Sex discrimination occurs when someone is unfairly disadvantaged for reasons related to their sex. Although most sex discrimination occurs against women, it's just as unlawful to discriminate against a man because of his sex.
Gender issues remain a workplace challenge. In Where do we really stand on gender equality in the workplace? our Employment Relations Adviser argues that more action is needed by government to tackle these issues and that a wider shift in culture is required in organisations to promote genuine gender equality.
Sexual harassment at work still persists and the media has brought the issue firmly into the public eye along with campaigns to raise awareness and prompt action to tackle it. A 2016 TUC survey shows that nearly two in three young women have experienced sexual harassment at work, and a 2017 BBC/ComRes survey reports that 40% of women have experienced some form of sexual harassment in the workplace. Read our guidance on how employers should respond.
The legal position
In Great Britain, legislation relating to discrimination is contained within the Equality Act 2010.
The Equality and Human Rights Commission has published a range of guidance on all aspects of the Equality Act, including a Code of practice on employment. Whilst not legally binding documents, the codes give important guidance on good practice and failure to follow them may be taken into account by tribunals or courts. CIPD members can find out more in our Sex discrimination law Q&As.
Our Brexit hub has more on what the implications of leaving the EU might be for UK employment law.
Types of discrimination
Within the Equality Act 2010 there are a number of different types of discrimination which apply to the protected characteristics, including a person's sex.
This applies to all protected characteristics. It's treating someone less favourably than another person because of a protected characteristic that they have. For example, it’s promoting a man rather than a woman because of their sex.
Indirect discrimination occurs when:
- a provision, criterion or practice is applied to all, and:
- it puts a group with a protected characteristic at a disadvantage when compared with another group
- an individual is put at a disadvantage
- the employer cannot show it to be a proportionate means of achieving a legitimate aim.
For example, if an employer requires all employees in a particular role to work full time. A female employee with children will suffer a disproportionate impact from this requirement because women are statistically more likely to have child-caring responsibilities. This requirement would be indirect sex discrimination if the employer cannot show that full-time working is essential.
This is treating someone less favourably because they associate with an individual who has a protected characteristic. Associative discrimination usually arises in connection with disability or sexual orientation discrimination. However, associative discrimination could arise in connection with sex discrimination, for example, treating a man less favourably because he supported a female colleague who was being discriminated against.
This is treating someone less favourably because it’s perceived that they have a protected characteristic, whether they do or not. Perceptive discrimination rarely arises in sex discrimination claims..
Victimisation occurs when someone is treated less favourably because they have made or supported a complaint or raised a grievance under the Equality Act 2010. It also applies if it’s thought that they have made a complaint. A comparator isn’t required for a claim of victimisation. Post-employment victimisation can occur - for example, refusing to give a reference to someone who had made a complaint under the Equality Act 2010 - although the Act has some grey areas concerning post-employment victimisation.

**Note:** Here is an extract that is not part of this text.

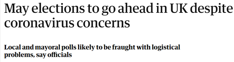 英国官员们表示,尽管新冠病毒疫情形势仍然严峻,但预计5月选举仍将继续进行。同时警告称,这次选举可能是英国所经历的,在后勤上最为棘手的选举之一。

Harassment is ‘unwanted conduct related to a relevant protected characteristic, which has the purpose or effect of violating an individual’s dignity or creating an intimidating, hostile, degrading, humiliating or offensive environment for that individual. Harassment covers making someone feel offended or degraded, for example by saying 'there is no point promoting women as they always end up going away to have children'. Treating an employee in a sexual way is also covered, including sexual comments, touching or assault.
There's no longer any specific legislation making employers liable for harassment that comes from a third party (for example, a customer). However, an employer can still be liable as a result of numerous other legal duties, for example breach of contract, direct discrimination and under the Protection from Harassment Act 1997. This, and good practice, mean that employers should continue to take steps to protect employees from all forms of harassment.
Find out more in our factsheet on workplace bullying and harassment.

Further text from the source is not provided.